WHAT YOU WILL DO
Please transcribe the entries below exactly and leave out every picture.

Records excerpted from a collection:

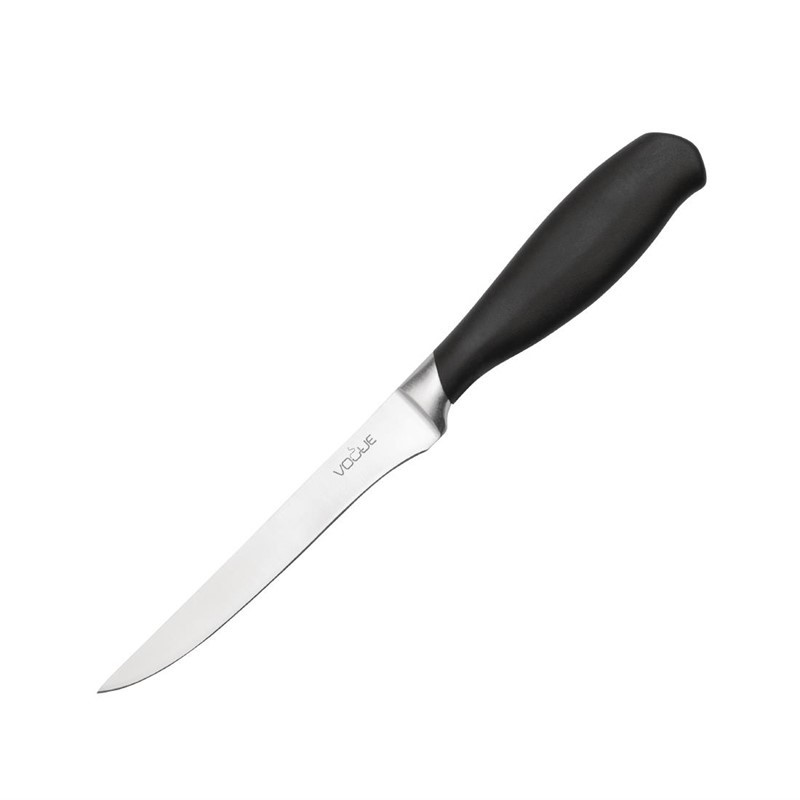Dit softgrip uitbeenmes van Vogue heeft een RVS lemmet met een hoog koolstofgehalte, waardoor deze lang perfect scherp blijft. Dankzij de duurzame brede krop heeft het mes een perfecte balans en het gewicht om perfect te kunnen snijden. Het zachte heft is ergonomisch ontworpen en dus comfortabel. Wij raden u aan het mes niet in de vaatwasmachine te wassen.
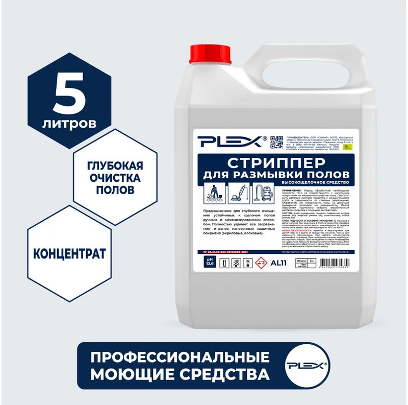 Средство моющее для пола PLEX Стриппер высокощелочное для глубокой очистки 5л.
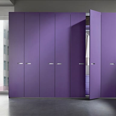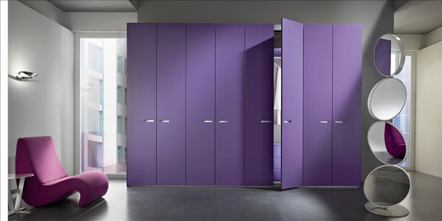 Wardrobe, from the Italian manufacturer Mercantini. The frame is made of wood. Finish - gloss lacquer from the company portfolio. Colors - fioletowy. The model is made with eight hinged doors, a built-in handle.
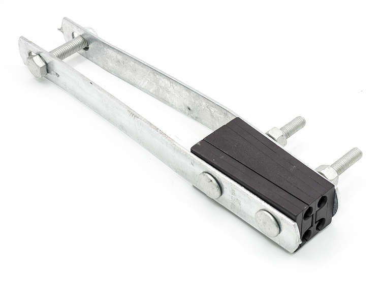 Зажим крепится на крюках и кронштейнах с помощью единственного болта. Прижимная часть клинового типа является саморегулируемой. Клинья легко раздвигаются благодаря пружине, что облегчает установку проводов.
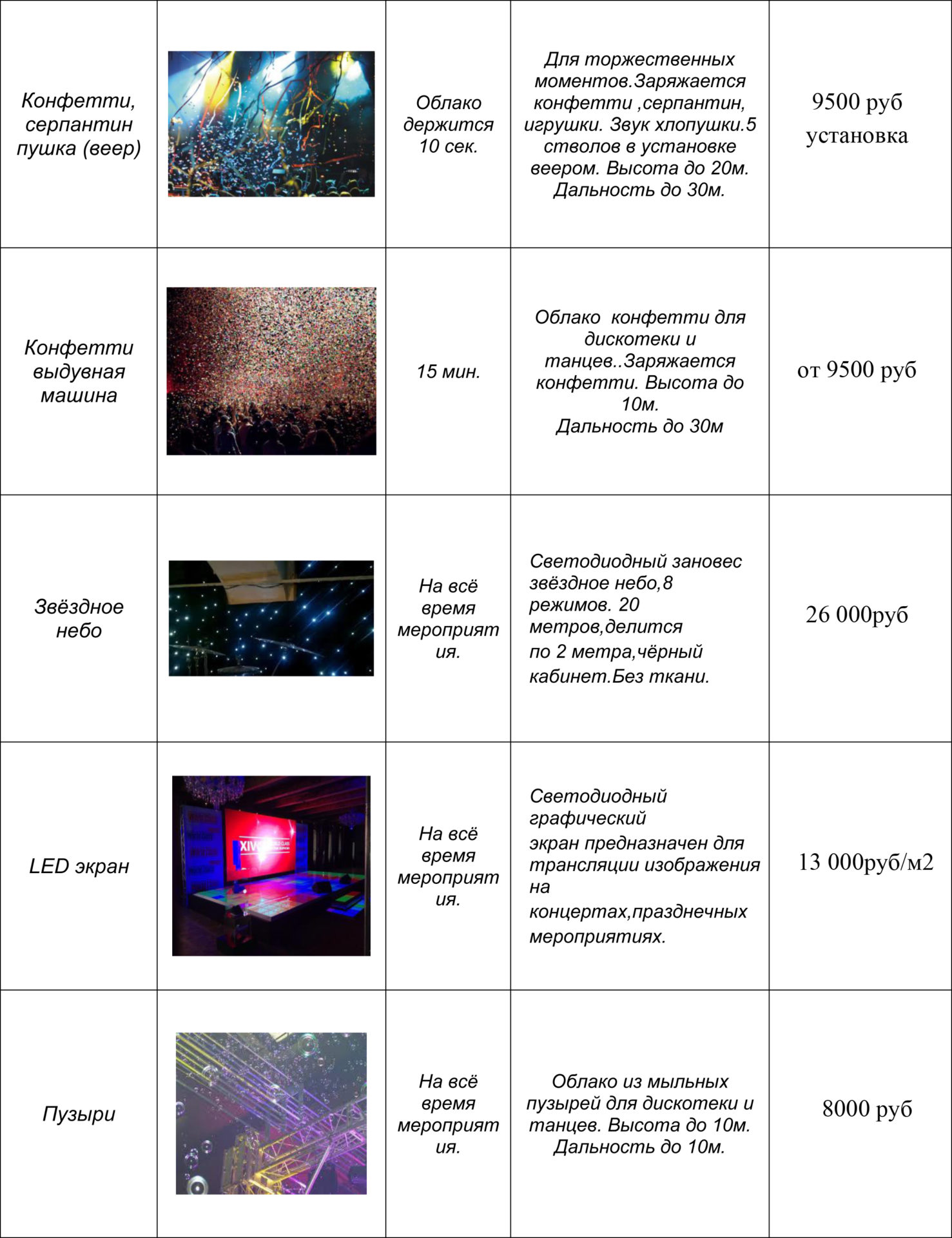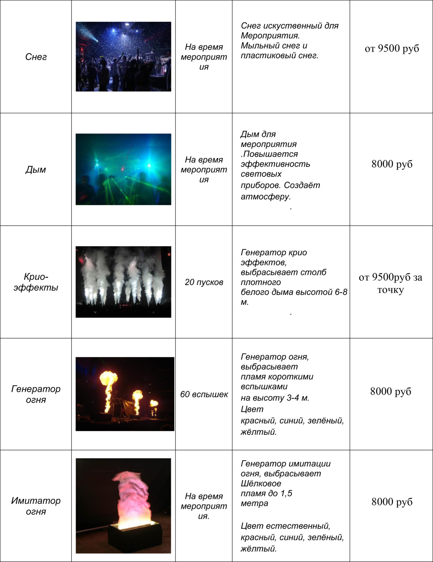 А также у нас большой ассортимент спецэффектов на любое мероприятие, любого масштаба: тяжелый дым, конфетти, серпантин, мыльные пузыри, снег, зальные фонтаны, звездное небо, крио-эффекты, генераторы и имитаторы огня и многое другое.
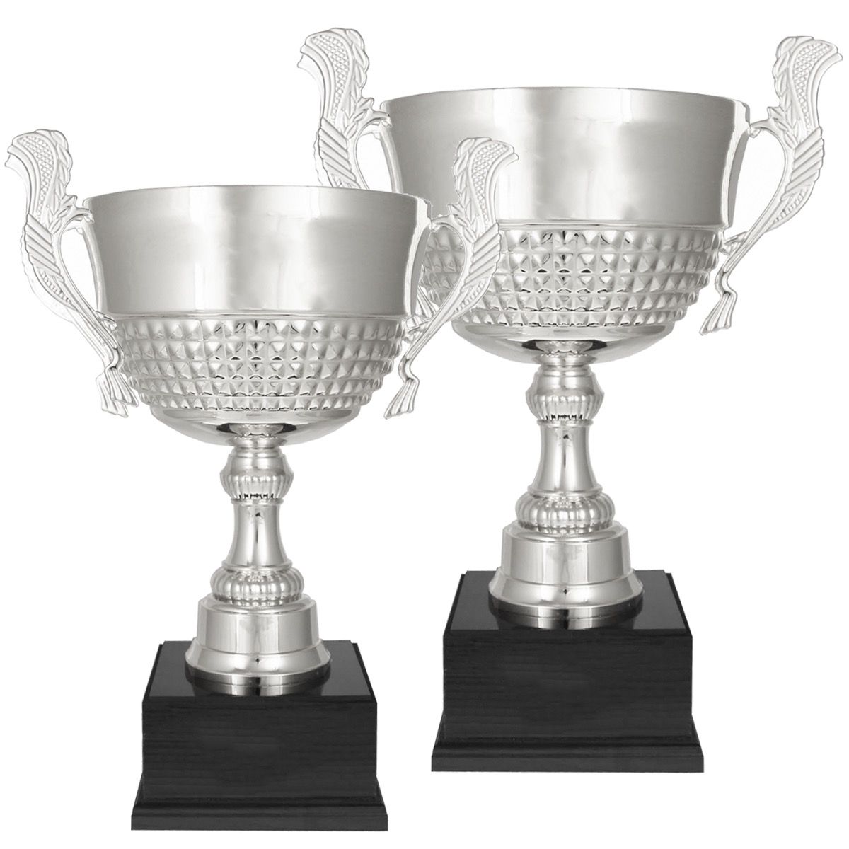 Sølvpokaler med hank i to størrelser.Cup i metall, mellomstykke og sokkel i hardplast.Flotte, store pokaler til premieskapet.
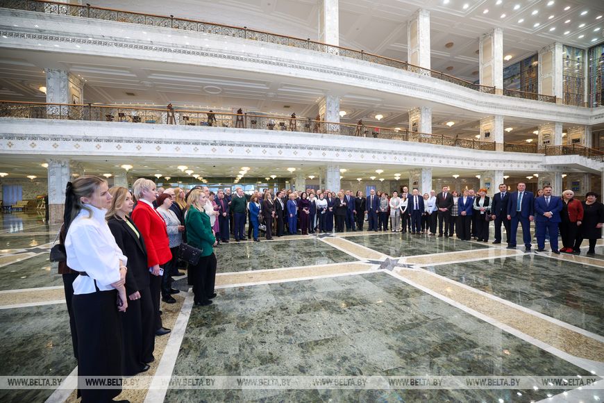 Посещение Дворца Независимости - это мотивация работать лучше и, что особенно актуально, качественнее. Государственные награды тем, кто наилучшим образом проявил себя в работе, Президент вручает тоже во Дворце Независимости. На этот счет даже есть отдельная примета: если встать за трибуну в Зале госнаград и загадать желание, то вскоре можно вернуться в этот зал и получить награду из рук Президента. Сбывается? Участники экскурсии заверили, что приложат максимум усилий, чтобы все сбылось.
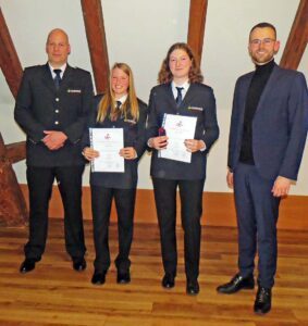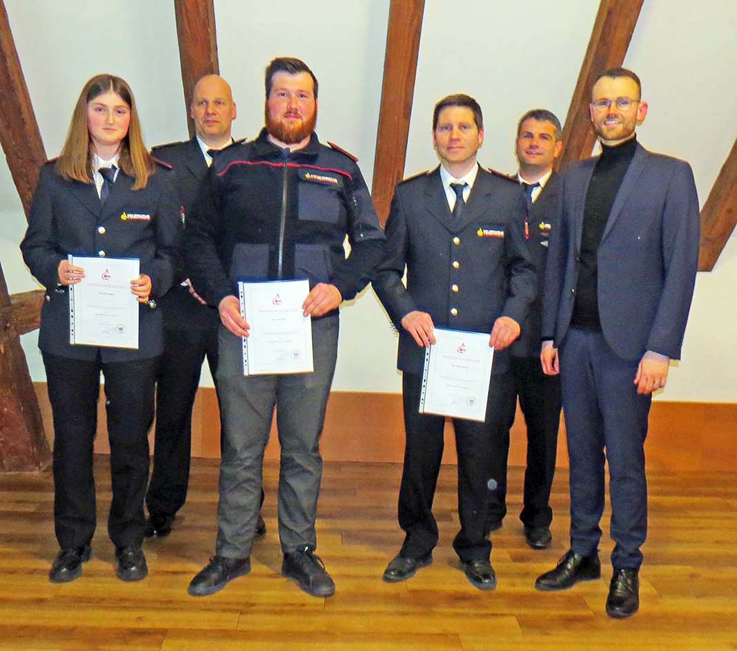 Zu Feuerwehrfrau beziehungsweise Feuerwehrmann wurden Eline Lehmann, Lena Moser und Janina Wussler befördert. Frank Becherer erhielt die Beförderung zum Löschmeister.
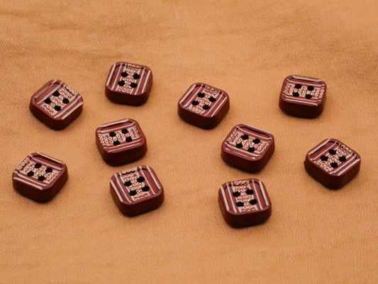 Wood Square White Tribal Design Set of Ten Buttons 9mm
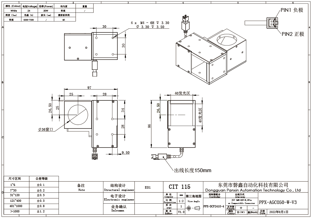 PPX 磐鑫 PPX-AGCO50-W-V3 同轴光源 01. 技术指标 手机/微信:18320955412 电话:86 0755 84689265 QQ:2423332841 邮箱:2423332841@qq.com
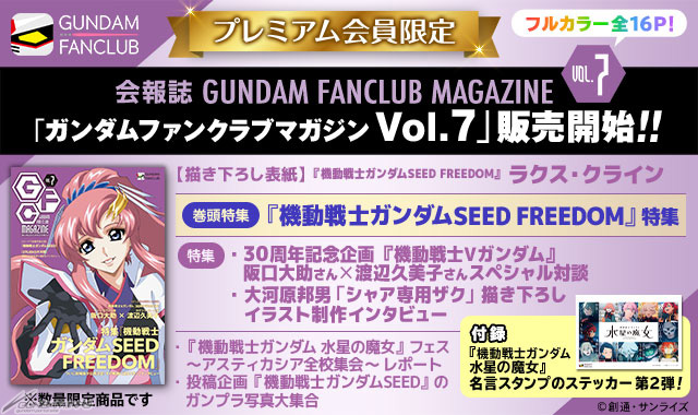 公式アプリ「ガンダムファンクラブ(GFC)」の会報誌バックナンバー「ガンダムファンクラブマガジン Vol.7」が、本日3月29日(月)より「ガンダムファンクラブストア」で販売開始された。
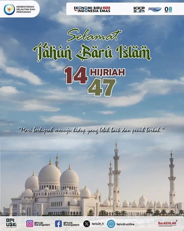 Karangasem, Bali — Balai Produksi Induk Udang Unggul dan Kekerangan (BPIU2K) Karangasem turut menyemarakkan peringatan Tahun Baru Islam 1447 Hijriah dengan menyampaikan ucapan selamat dan ajakan untuk berhijrah menuju kehidupan yang lebih baik dan penuh berkah.
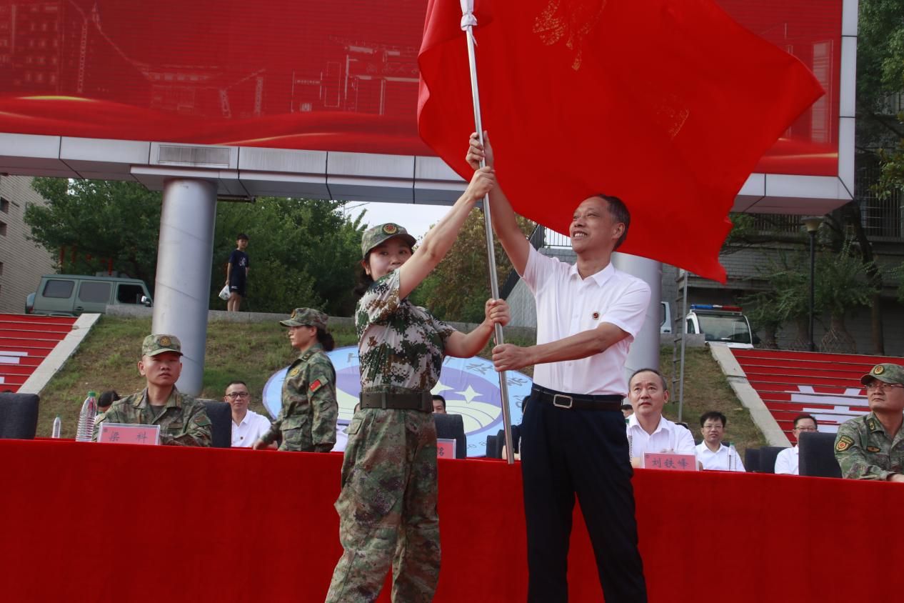党委书记刘铁铭授旗并宣布军训开训令
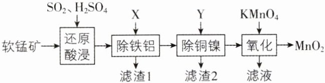 【思路导引】二氧化锰具有氧化性,$SO_2$具有还原性,“还原酸浸”步骤二者发生氧化还原反应,离子方程式为$MnO_2 + SO_2 = Mn^{2+} + SO_4^{2 - }$,酸性条件下,$MnO_2$将铁氧化为$Fe^{3+}$,“除铁铝”步骤加入X调节溶液的pH,促进$Fe^{3+}$、$Al^{3+}$生成氢氧化物沉淀,从而除去铁、铝;“除铜镍”步骤加入Y,以沉淀的形式除去$Cu^{2+}$、$Ni^{2+}$,“氧化”步骤加入$KMnO_4$将$Mn^{2+}$氧化为$MnO_2$,过滤,得到$MnO_2$,据此分析解答。
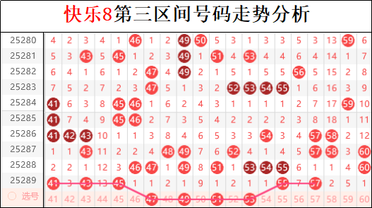 三区上一期虽然拿到了两个不解释的胆码,但是由于连码的缺失,导致我们的布局上再次失去了一码留下了遗憾。本期三区以同尾角度来看,不排除三重走势的突破。其次区间出现等差数列的回补走势,按照预判应该是“天坑”的可能性比较大,所以本期严重建议三区不要过度投注。尤其是龙头凤尾上一期直接来了一招乾坤大挪移,本期走势基本上按照腰斩的可能性之会开出两到三码,所以布局上实在拿不准直接规避三区也不是不可能的事情,舍得放弃才是最勇敢的布局。
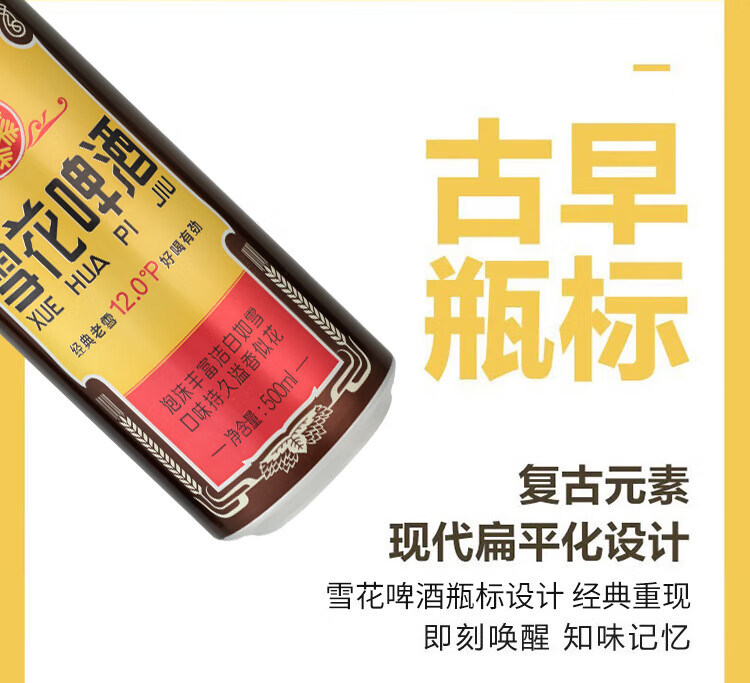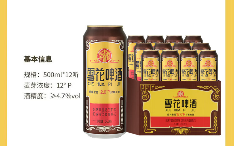 雪花啤酒(Snowbeer)经典老雪 500ml*12听经典醇厚 京东自营新年送礼
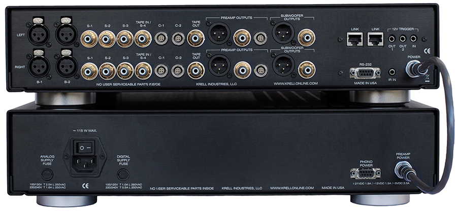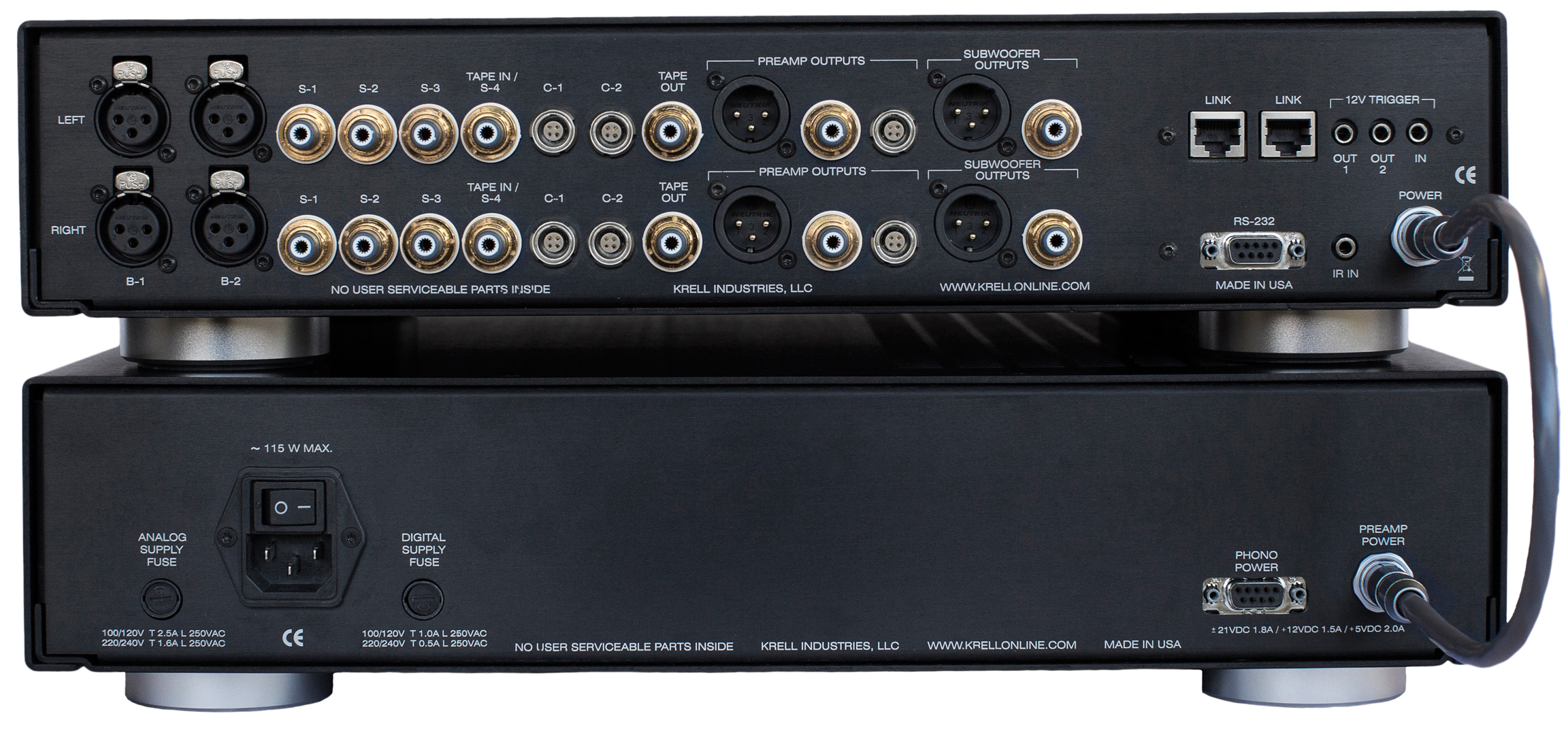 The Illusion audio circuits receive power from a Krell Current Mode analog power supply housed in its own dedicated chassis. The power supply avoids the common integrated circuit topology used in many

RESULT OF THIS EXERCISE
Dit softgrip uitbeenmes van Vogue heeft een RVS lemmet met een hoog koolstofgehalte, waardoor deze lang perfect scherp blijft. Dankzij de duurzame brede krop heeft het mes een perfecte balans en het gewicht om perfect te kunnen snijden. Het zachte heft is ergonomisch ontworpen en dus comfortabel. Wij raden u aan het mes niet in de vaatwasmachine te wassen.
 Средство моющее для пола PLEX Стриппер высокощелочное для глубокой очистки 5л.
 Wardrobe, from the Italian manufacturer Mercantini. The frame is made of wood. Finish - gloss lacquer from the company portfolio. Colors - fioletowy. The model is made with eight hinged doors, a built-in handle.
 Зажим крепится на крюках и кронштейнах с помощью единственного болта. Прижимная часть клинового типа является саморегулируемой. Клинья легко раздвигаются благодаря пружине, что облегчает установку проводов.
 А также у нас большой ассортимент спецэффектов на любое мероприятие, любого масштаба: тяжелый дым, конфетти, серпантин, мыльные пузыри, снег, зальные фонтаны, звездное небо, крио-эффекты, генераторы и имитаторы огня и многое другое.
 Sølvpokaler med hank i to størrelser.Cup i metall, mellomstykke og sokkel i hardplast.Flotte, store pokaler til premieskapet.
 Посещение Дворца Независимости - это мотивация работать лучше и, что особенно актуально, качественнее. Государственные награды тем, кто наилучшим образом проявил себя в работе, Президент вручает тоже во Дворце Независимости. На этот счет даже есть отдельная примета: если встать за трибуну в Зале госнаград и загадать желание, то вскоре можно вернуться в этот зал и получить награду из рук Президента. Сбывается? Участники экскурсии заверили, что приложат максимум усилий, чтобы все сбылось.
 Zu Feuerwehrfrau beziehungsweise Feuerwehrmann wurden Eline Lehmann, Lena Moser und Janina Wussler befördert. Frank Becherer erhielt die Beförderung zum Löschmeister.
 Wood Square White Tribal Design Set of Ten Buttons 9mm
 PPX 磐鑫 PPX-AGCO50-W-V3 同轴光源 01. 技术指标 手机/微信:18320955412 电话:86 0755 84689265 QQ:2423332841 邮箱:2423332841@qq.com
 公式アプリ「ガンダムファンクラブ(GFC)」の会報誌バックナンバー「ガンダムファンクラブマガジン Vol.7」が、本日3月29日(月)より「ガンダムファンクラブストア」で販売開始された。
 Karangasem, Bali — Balai Produksi Induk Udang Unggul dan Kekerangan (BPIU2K) Karangasem turut menyemarakkan peringatan Tahun Baru Islam 1447 Hijriah dengan menyampaikan ucapan selamat dan ajakan untuk berhijrah menuju kehidupan yang lebih baik dan penuh berkah.
党委书记刘铁铭授旗并宣布军训开训令
 【思路导引】二氧化锰具有氧化性,$SO_2$具有还原性,“还原酸浸”步骤二者发生氧化还原反应,离子方程式为$MnO_2 + SO_2 = Mn^{2+} + SO_4^{2 - }$,酸性条件下,$MnO_2$将铁氧化为$Fe^{3+}$,“除铁铝”步骤加入X调节溶液的pH,促进$Fe^{3+}$、$Al^{3+}$生成氢氧化物沉淀,从而除去铁、铝;“除铜镍”步骤加入Y,以沉淀的形式除去$Cu^{2+}$、$Ni^{2+}$,“氧化”步骤加入$KMnO_4$将$Mn^{2+}$氧化为$MnO_2$,过滤,得到$MnO_2$,据此分析解答。
 三区上一期虽然拿到了两个不解释的胆码,但是由于连码的缺失,导致我们的布局上再次失去了一码留下了遗憾。本期三区以同尾角度来看,不排除三重走势的突破。其次区间出现等差数列的回补走势,按照预判应该是“天坑”的可能性比较大,所以本期严重建议三区不要过度投注。尤其是龙头凤尾上一期直接来了一招乾坤大挪移,本期走势基本上按照腰斩的可能性之会开出两到三码,所以布局上实在拿不准直接规避三区也不是不可能的事情,舍得放弃才是最勇敢的布局。
 雪花啤酒(Snowbeer)经典老雪 500ml*12听经典醇厚 京东自营新年送礼
 The Illusion audio circuits receive power from a Krell Current Mode analog power supply housed in its own dedicated chassis. The power supply avoids the common integrated circuit topology used in many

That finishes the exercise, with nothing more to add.